-- Exercise details --
With the images removed, transcribe the listing that follows exactly.

*** Records supplied ***

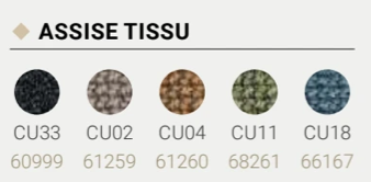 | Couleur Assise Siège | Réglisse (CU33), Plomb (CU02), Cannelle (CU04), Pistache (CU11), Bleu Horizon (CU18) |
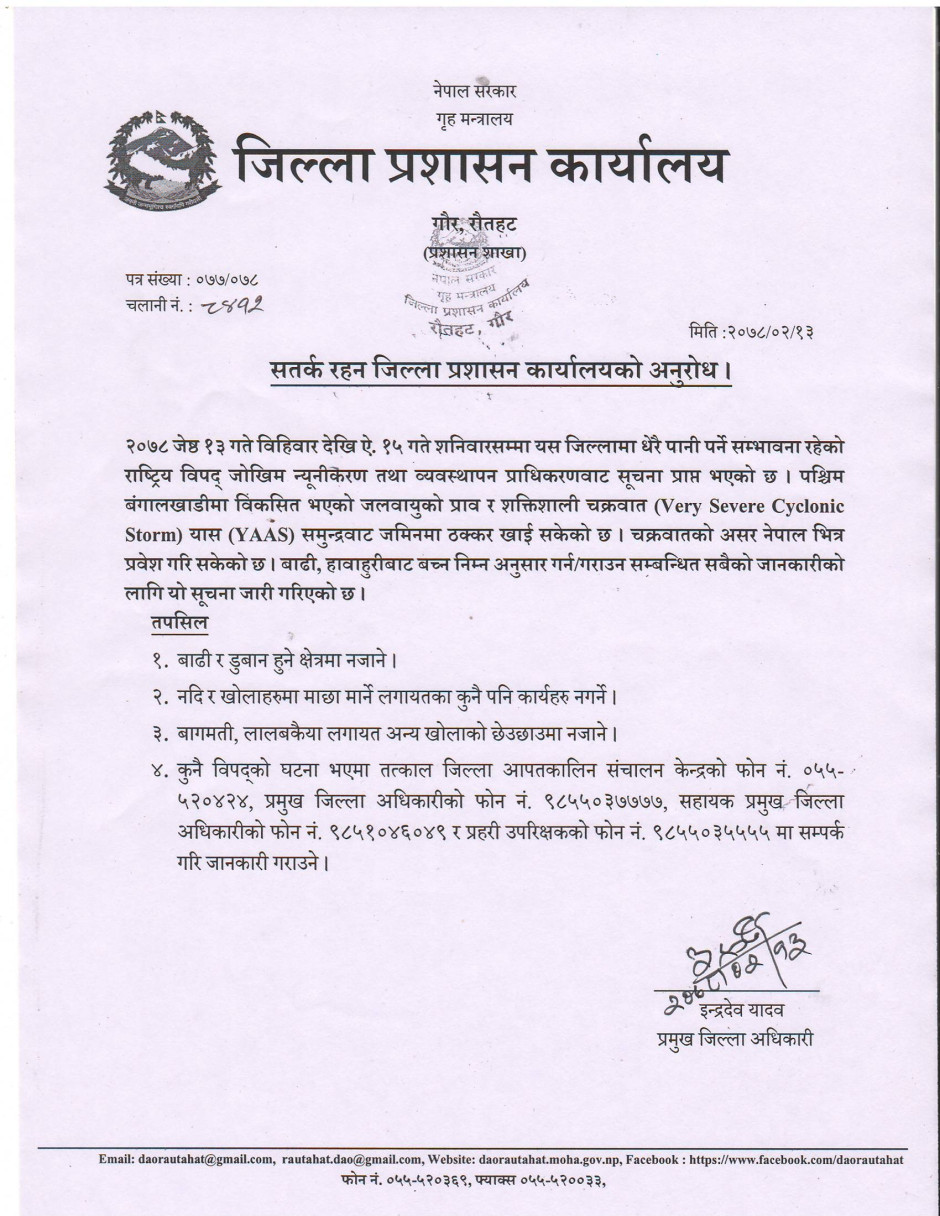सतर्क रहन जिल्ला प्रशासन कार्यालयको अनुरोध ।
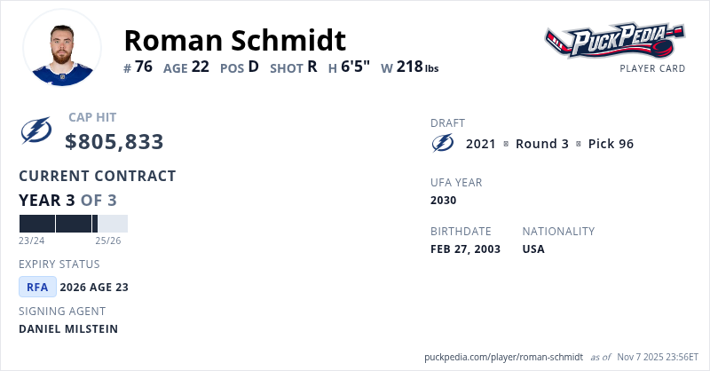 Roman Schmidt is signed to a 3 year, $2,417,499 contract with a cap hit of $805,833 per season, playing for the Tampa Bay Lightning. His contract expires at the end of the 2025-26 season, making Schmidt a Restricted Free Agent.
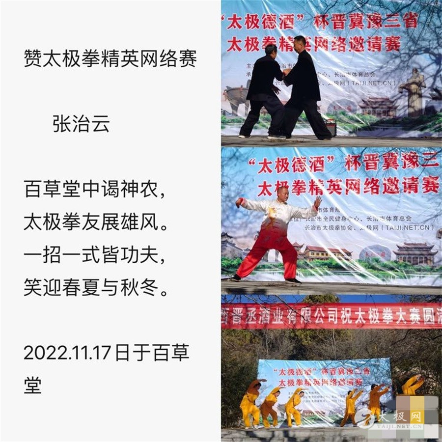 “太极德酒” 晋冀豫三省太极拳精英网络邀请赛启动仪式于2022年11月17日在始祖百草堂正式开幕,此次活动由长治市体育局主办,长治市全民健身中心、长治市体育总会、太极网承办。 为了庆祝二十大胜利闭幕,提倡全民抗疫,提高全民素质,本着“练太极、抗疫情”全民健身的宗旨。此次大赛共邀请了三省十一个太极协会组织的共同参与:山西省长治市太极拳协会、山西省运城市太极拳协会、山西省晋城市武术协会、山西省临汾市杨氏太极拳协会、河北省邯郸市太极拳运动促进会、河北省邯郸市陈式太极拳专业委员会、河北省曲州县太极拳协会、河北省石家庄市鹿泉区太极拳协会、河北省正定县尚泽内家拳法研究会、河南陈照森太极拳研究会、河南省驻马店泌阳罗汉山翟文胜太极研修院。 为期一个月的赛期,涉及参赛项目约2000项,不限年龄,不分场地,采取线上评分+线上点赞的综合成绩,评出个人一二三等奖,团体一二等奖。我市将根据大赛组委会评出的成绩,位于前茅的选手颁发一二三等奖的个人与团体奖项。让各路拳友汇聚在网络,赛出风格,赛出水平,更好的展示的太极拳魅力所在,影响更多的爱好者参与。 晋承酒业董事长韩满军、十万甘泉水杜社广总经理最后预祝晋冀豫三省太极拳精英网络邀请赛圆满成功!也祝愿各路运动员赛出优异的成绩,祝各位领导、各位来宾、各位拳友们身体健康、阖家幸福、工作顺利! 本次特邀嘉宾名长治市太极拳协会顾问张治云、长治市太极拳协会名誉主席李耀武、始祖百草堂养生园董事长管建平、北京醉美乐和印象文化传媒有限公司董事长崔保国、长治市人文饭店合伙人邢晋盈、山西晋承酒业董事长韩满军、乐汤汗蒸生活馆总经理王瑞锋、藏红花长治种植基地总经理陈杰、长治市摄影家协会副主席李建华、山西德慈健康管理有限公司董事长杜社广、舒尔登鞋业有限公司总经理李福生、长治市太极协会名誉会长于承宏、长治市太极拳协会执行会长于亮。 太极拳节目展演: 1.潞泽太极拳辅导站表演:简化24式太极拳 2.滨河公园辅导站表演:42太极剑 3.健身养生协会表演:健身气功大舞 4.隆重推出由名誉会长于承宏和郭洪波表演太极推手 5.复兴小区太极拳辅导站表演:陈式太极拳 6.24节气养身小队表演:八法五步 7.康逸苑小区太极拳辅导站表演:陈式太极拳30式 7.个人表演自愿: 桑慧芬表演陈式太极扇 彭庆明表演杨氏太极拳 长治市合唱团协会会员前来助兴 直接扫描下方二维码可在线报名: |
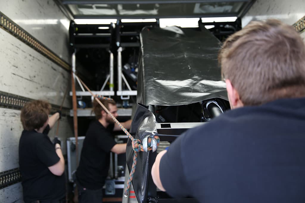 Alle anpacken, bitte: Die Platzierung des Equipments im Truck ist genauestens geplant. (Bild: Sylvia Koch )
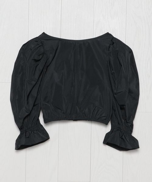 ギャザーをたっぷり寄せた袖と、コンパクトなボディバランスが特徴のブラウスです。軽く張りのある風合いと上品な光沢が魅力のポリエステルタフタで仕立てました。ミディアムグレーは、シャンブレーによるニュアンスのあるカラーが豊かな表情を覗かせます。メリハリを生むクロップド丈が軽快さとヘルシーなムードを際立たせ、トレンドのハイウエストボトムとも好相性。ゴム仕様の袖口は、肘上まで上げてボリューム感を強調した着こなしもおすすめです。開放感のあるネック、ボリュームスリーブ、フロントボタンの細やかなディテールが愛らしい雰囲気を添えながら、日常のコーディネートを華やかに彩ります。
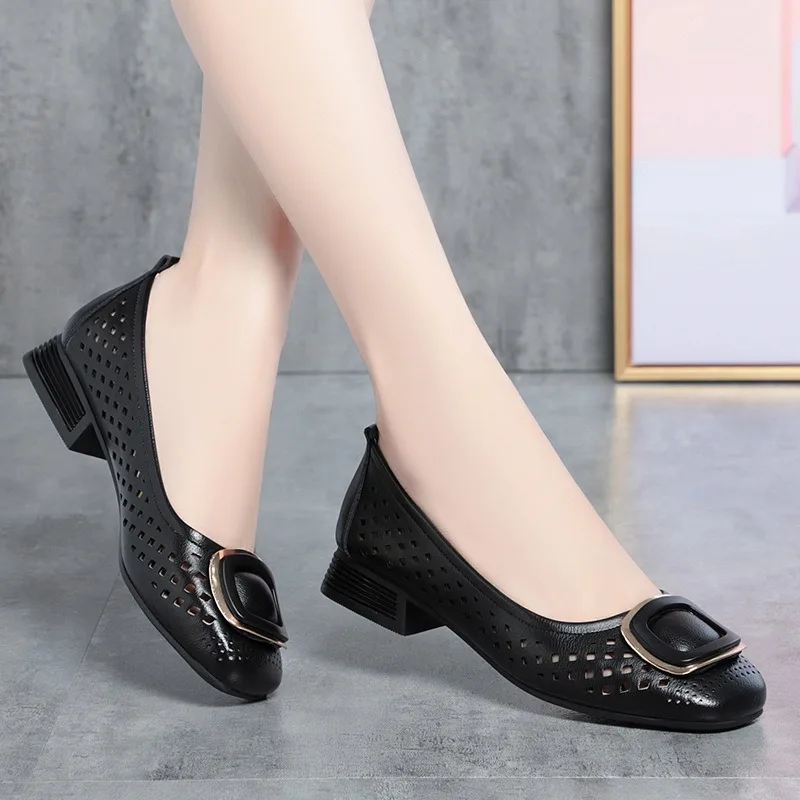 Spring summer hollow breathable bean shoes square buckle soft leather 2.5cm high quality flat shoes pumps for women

*** End of Records supplied ***

-- Answer for the task --
 | Couleur Assise Siège | Réglisse (CU33), Plomb (CU02), Cannelle (CU04), Pistache (CU11), Bleu Horizon (CU18) |
सतर्क रहन जिल्ला प्रशासन कार्यालयको अनुरोध ।
 Roman Schmidt is signed to a 3 year, $2,417,499 contract with a cap hit of $805,833 per season, playing for the Tampa Bay Lightning. His contract expires at the end of the 2025-26 season, making Schmidt a Restricted Free Agent.
 “太极德酒” 晋冀豫三省太极拳精英网络邀请赛启动仪式于2022年11月17日在始祖百草堂正式开幕,此次活动由长治市体育局主办,长治市全民健身中心、长治市体育总会、太极网承办。 为了庆祝二十大胜利闭幕,提倡全民抗疫,提高全民素质,本着“练太极、抗疫情”全民健身的宗旨。此次大赛共邀请了三省十一个太极协会组织的共同参与:山西省长治市太极拳协会、山西省运城市太极拳协会、山西省晋城市武术协会、山西省临汾市杨氏太极拳协会、河北省邯郸市太极拳运动促进会、河北省邯郸市陈式太极拳专业委员会、河北省曲州县太极拳协会、河北省石家庄市鹿泉区太极拳协会、河北省正定县尚泽内家拳法研究会、河南陈照森太极拳研究会、河南省驻马店泌阳罗汉山翟文胜太极研修院。 为期一个月的赛期,涉及参赛项目约2000项,不限年龄,不分场地,采取线上评分+线上点赞的综合成绩,评出个人一二三等奖,团体一二等奖。我市将根据大赛组委会评出的成绩,位于前茅的选手颁发一二三等奖的个人与团体奖项。让各路拳友汇聚在网络,赛出风格,赛出水平,更好的展示的太极拳魅力所在,影响更多的爱好者参与。 晋承酒业董事长韩满军、十万甘泉水杜社广总经理最后预祝晋冀豫三省太极拳精英网络邀请赛圆满成功!也祝愿各路运动员赛出优异的成绩,祝各位领导、各位来宾、各位拳友们身体健康、阖家幸福、工作顺利! 本次特邀嘉宾名长治市太极拳协会顾问张治云、长治市太极拳协会名誉主席李耀武、始祖百草堂养生园董事长管建平、北京醉美乐和印象文化传媒有限公司董事长崔保国、长治市人文饭店合伙人邢晋盈、山西晋承酒业董事长韩满军、乐汤汗蒸生活馆总经理王瑞锋、藏红花长治种植基地总经理陈杰、长治市摄影家协会副主席李建华、山西德慈健康管理有限公司董事长杜社广、舒尔登鞋业有限公司总经理李福生、长治市太极协会名誉会长于承宏、长治市太极拳协会执行会长于亮。 太极拳节目展演: 1.潞泽太极拳辅导站表演:简化24式太极拳 2.滨河公园辅导站表演:42太极剑 3.健身养生协会表演:健身气功大舞 4.隆重推出由名誉会长于承宏和郭洪波表演太极推手 5.复兴小区太极拳辅导站表演:陈式太极拳 6.24节气养身小队表演:八法五步 7.康逸苑小区太极拳辅导站表演:陈式太极拳30式 7.个人表演自愿: 桑慧芬表演陈式太极扇 彭庆明表演杨氏太极拳 长治市合唱团协会会员前来助兴 直接扫描下方二维码可在线报名: |
 Alle anpacken, bitte: Die Platzierung des Equipments im Truck ist genauestens geplant. (Bild: Sylvia Koch )
 ギャザーをたっぷり寄せた袖と、コンパクトなボディバランスが特徴のブラウスです。軽く張りのある風合いと上品な光沢が魅力のポリエステルタフタで仕立てました。ミディアムグレーは、シャンブレーによるニュアンスのあるカラーが豊かな表情を覗かせます。メリハリを生むクロップド丈が軽快さとヘルシーなムードを際立たせ、トレンドのハイウエストボトムとも好相性。ゴム仕様の袖口は、肘上まで上げてボリューム感を強調した着こなしもおすすめです。開放感のあるネック、ボリュームスリーブ、フロントボタンの細やかなディテールが愛らしい雰囲気を添えながら、日常のコーディネートを華やかに彩ります。
 Spring summer hollow breathable bean shoes square buckle soft leather 2.5cm high quality flat shoes pumps for women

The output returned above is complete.